Visualizing tensor contractions

June 2026

They say that at some point in your mathematical maturity, you need to stop relying entirely on visualizations and start thinking symbolically. I never figured out how to do that, so here we are.

Thinking in animations became a real liability when I started writing PyTorch code. I probably should have tried harder to switch to symbols, but ML code sits right at the edge of visualizability: the tensors are low-rank enough that you could picture everything with enough effort.

So instead I thought about how I could improve my visuals, and I realized that one particular animation ingrained deep in my brain was holding me back. Since high school, I've had this visual of matrix multiplication in my head, with one matrix rotating and sliding through the other. I gravitated towards it because it felt like it let me reuse my physical intuition for rotating and moving objects. I now realize this has been net harmful; it's made visualizing matmuls more mentally taxing than it needs to be, and it suggests physical metaphors that don't really apply.

I now have a new animation in my head for matrix multiplication, and I thought it might be helpful to share it with you. It focuses not on the numbers, which you generally don't think about when writing ML code, but instead on the axes. In particular, it illustrates axes contracting away.

i j j k
Two tensors. The axes carry the meaning; the gray dots are just numbers.

The one non-obvious move: when the shared axis j (the one that appears in both inputs but not the output) gets squeezed away, its dots don't disappear — they compress into a little pile at each surviving position. Those piles then meet in the output grid, where each pair lines up and collapses into a dot product, magnified on the right.

A strength of this visualization is that it generalizes to other types of tensor contractions and maps naturally to einsum. For example, here's an outer product, i,j->ij, which takes two vectors and fans them out into a full grid:

i j
Two tensors. The axes carry the meaning; the gray dots are just numbers.

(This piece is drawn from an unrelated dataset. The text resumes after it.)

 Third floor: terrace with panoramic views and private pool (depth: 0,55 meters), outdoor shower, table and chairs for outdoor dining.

This is the degenerate case where there's no shared axis to squeeze at all. Nothing gets contracted; each value of one vector is simply broadcast against each value of the other, so the "dot product" at every cell is just a product of two single numbers. (At the opposite extreme, a plain dot product is the case where every axis gets squeezed away.)

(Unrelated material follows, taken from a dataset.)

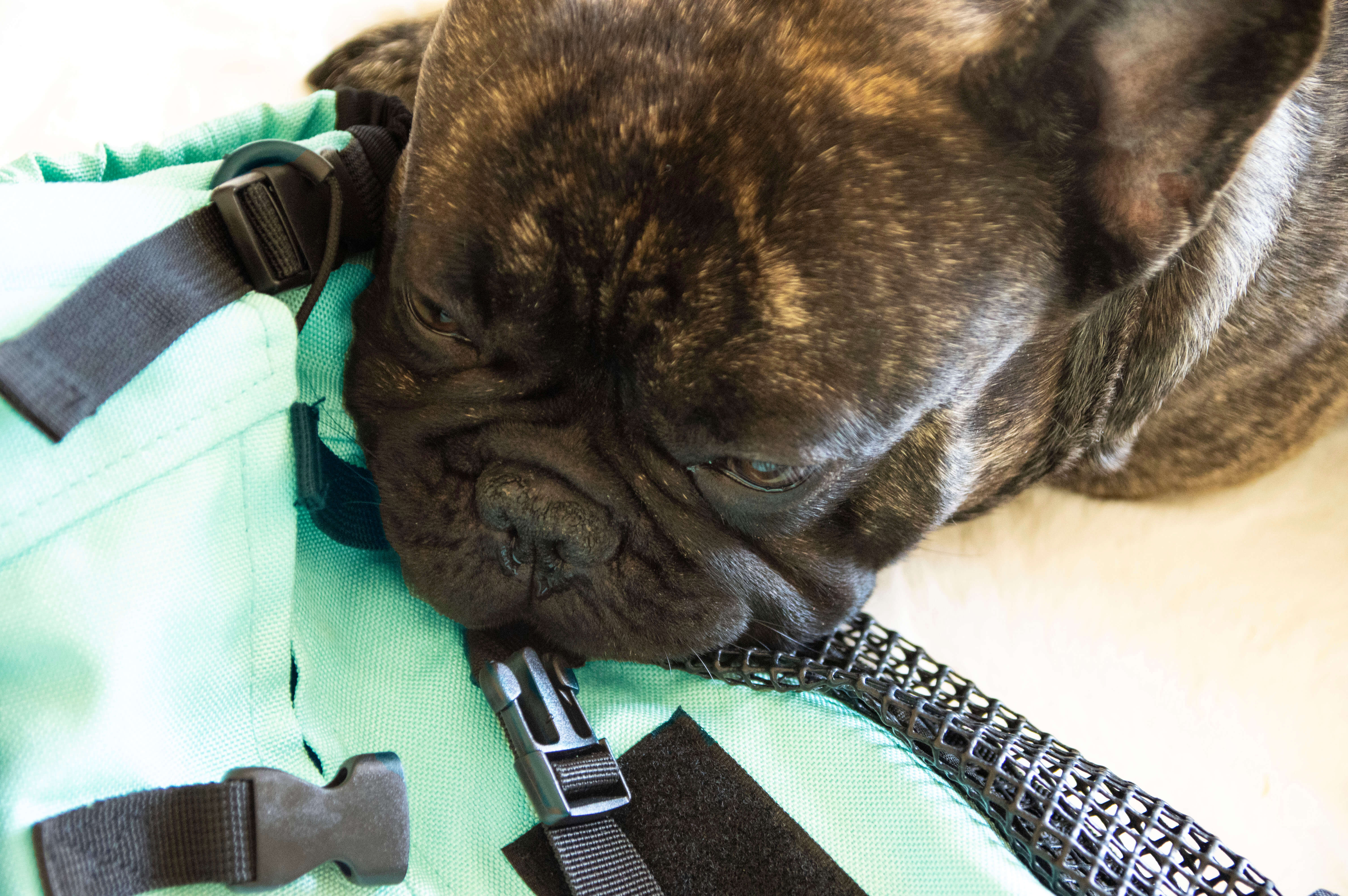 U nas Pedro z łatwością „nawiązał bliższą więź” ze swoim nowym środkiem transportu. Początkowo pozwalaliśmy na każdą możliwą interakcję (bez obsikiwania 😛 ): obwąchiwanie, zabawa odstającymi elementami, wyjadanie smaczków z wnętrza. Pierwsze włożenie młodego do plecaka nie obyło się bez stresu, nie do końca odpowiadało mu poddanie się i posadzenie szanownego doopska w plecaku. Kiedy się rozluźnił i zobaczył, że to nic strasznego a co lepsze, że za grzeczne siedzenie dostaje się smaczki, nie było już problemu 🙂

Here's a playground if you want to poke at other contractions yourself. Type any einsum with two inputs of up to rank 3 each, or pick a preset.

b i j b j k
Two tensors. The axes carry the meaning; the gray dots are just numbers.

Attention

Now here are some examples of the visualization applied to the attention mechanism in transformers, where I find it particularly illuminating.

In a transformer, every token carries a query vector and a key vector, each of length d (the head dimension). The attention score between two tokens is the dot product of one token's query with another's key. Do that for every pair and you get a grid of scores, which is exactly a contraction over the head dimension, id,jd->ij:

query head key head
Two tensors. The axes carry the meaning; the gray dots are just numbers.

The colored lines trace the actual query and key vectors. The head dimension d is the axis that disappears: each query vector dots against each key vector, the head dimension collapses, and what survives is a query-by-key grid, the attention matrix. The thing you actually care about is "a score for every pair of tokens," and the animation builds precisely that grid.

In code you'd usually write this as Q @ K.T, a transpose and then a matmul. But thinking of it as two operations is misleading. The transpose exists because matmul wants the summed axis in a particular place, but that rule isn't really relevant here. It's more natural to think of this as one operation, just contracting an axis.

This is also the heart of my complaint with the rotate-and-slide visual: it puts rotating at the center of the story, and physically rotating an array is not something you ever do to a tensor. Transposing is — and in the axis-centric picture, a transpose stops being a motion at all. id versus di is just a relabeling of which axis is which; nothing has to move.

The second half of attention uses those scores to mix the value vectors. Each output token is a weighted blend of all the value vectors, weighted by how much that query attends to each key. That's another contraction, this time over the key positions j, ij,jd->id:

query key key value
Two tensors. The axes carry the meaning; the gray dots are just numbers.

Here the lines trace the value vectors, and the axis getting squeezed is j, the key positions. For each query you end up with a weighted average of all the value vectors, where the weights are that query's attention scores. The part I like is that the axis being squeezed is literally the set of tokens you're averaging over.

I'm frankly not sure whether this animation is helpful for many people; it might be only for unusually animation-driven brains. But it has given me noticeably more correct instincts for manipulating tensors, and I hope some other person out there finds that it reduces their mental load too.